From what I read it looks like LE must use the following approach.
First of all the all private keys should definitely belong to the ssl-cert group. The user may remain the root.
Any daemon that needs for the keys should join the ssl-cert group e.g.:

$ sudo usermod -a -G ssl-cert ejabberd
$ id -a postgres
uid=105(postgres) gid=108(postgres) groups=105(ssl-cert),108(postgres)

This can be done via post install hook.
The root user is still have access to all keys so the change is backward compatible.

But still remains a big problem that users should configure the path to a cert themselves.
This is something that is difficult to automize. Not all users can do this. On the package upgrade the conf file may be overwritten.
It looks like we may solve the problem too.

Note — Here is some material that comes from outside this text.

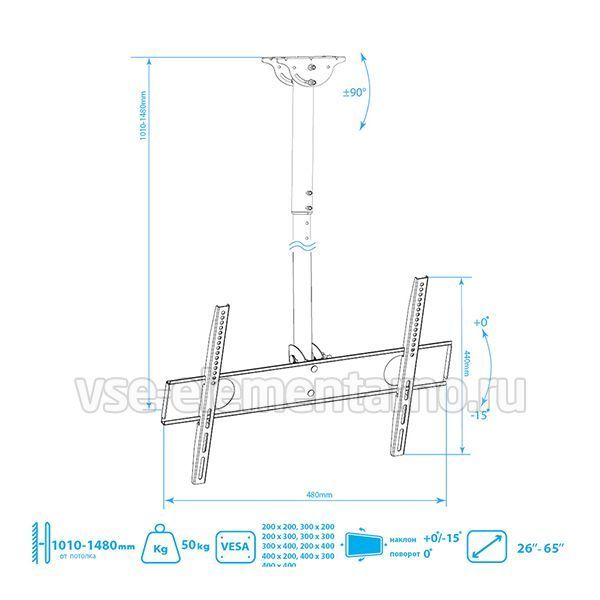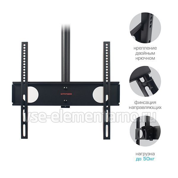 Телескопический потолочный наклонный кронштейн для телевизоров и мониторов с диагональю от 26 до 65 дюймов.

The Debian has ssl-cert package with a /usr/sbin/make-ssl-cert wrapper for openssl req to simplify a self signed cert generation.
It's used in post-install to generate a default /etc/ssl/private/ssl-cert-snakeoil.key and /etc/ssl/certs/ssl-cert-snakeoil.pem that will use the computer hostname as domain (commonName).
This key and cert may be used by default so at least the server (like httpd) won't fail on start.
But users will see browser's notice that cert is not signed by CA and not trusted. Still this is better than nothing.

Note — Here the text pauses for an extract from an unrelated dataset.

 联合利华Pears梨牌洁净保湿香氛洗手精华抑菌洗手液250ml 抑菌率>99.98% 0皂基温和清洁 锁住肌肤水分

To be compliant with existing Debian approach the LE privkey should be also stored into /etc/ssl/private folder. The files in the folder are accessible for the ssl-cert group.
But remains a question the public cert location. As you saw above the ssl-cert-snakeoil.pem was put into /etc/ssl/certs/.
But the folder is used to store CA certs and this may cause unexpected bugs.
For the ssl-cert package there is an open bug with discussion of the pub cert location https://bugs.debian.org/cgi-bin/bugreport.cgi?bug=790943
Please read it and all mentioned links.

I think that instead of separate privkey and fullchain files the LE should generate a single file as discussed in #5087.
And the file may be located in the /etc/ssl/private with a name the same as a domain name.
Then a daemon can make a lookup of the file automatically. Or load all the certs on start into RAM and lookup by a commonName.
I.e. users won't need to configure anything: just run certbot and your daemon will find the needed cert itself.

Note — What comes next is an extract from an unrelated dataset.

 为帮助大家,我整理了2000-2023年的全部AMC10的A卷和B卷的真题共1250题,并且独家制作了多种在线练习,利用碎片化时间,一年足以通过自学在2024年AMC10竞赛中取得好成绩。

It remains few things to consider.

Keys location

The /etc/ssl/private is only Debian specific but RedHat uses /etc/pki/tls/private. But I don't know if there is the ssl-cert group.
It looks like FreeBSD also uses the /etc/ssl/ folder. I don't know about MacOS.
Windows stores certs to %APPDATA%\Microsoft\SystemCertificates\.

Daemon specific certs

If the same cert is used by many daemons then if one of them was hacked and private key leaked then all others are compromised too.
In the page https://wiki.debian.org/X.509 there was a proposition to have a daemon specific keys like /etc/x509/keys/example.com_imapd.key.
I think that if anyone wants to use separate certs they can rename them so the domain won't match with a file name and configure manually a path.
At least for beginning that should be fine.

Certs management

In the https://wiki.debian.org/SslCertificateHandling was proposed a tool that simplifies certs configuration. Maybe some ideas may be useful to consider.

Archive

The certs archive may remain the current /etc/letsencrypt/ folder but the certs in /etc/ssl/private may be symlinks.

Alternative ACME clients

The acme.sh, dehydrated and others like Caddy may store the certs in the same location.
This will simplify daemon tutorials and install instructions and users may easily change the ACME clients.

Additional links

• https://dailystuff.nl/blog/2015/installing-ssl-certificates-on-debian
• https://www.getpagespeed.com/server-setup/ssl-directory
• https://ubuntu.com/server/docs/security-certificates

[github-actions]

We've made a lot of changes to Certbot since this issue was opened. If you still have this issue with an up-to-date version of Certbot, can you please add a comment letting us know? This helps us to better see what issues are still affecting our users. If there is no activity in the next 30 days, this issue will be automatically closed.

[github-actions]

This issue has been closed due to lack of activity, but if you think it should be reopened, please open a new issue with a link to this one and we'll take a look.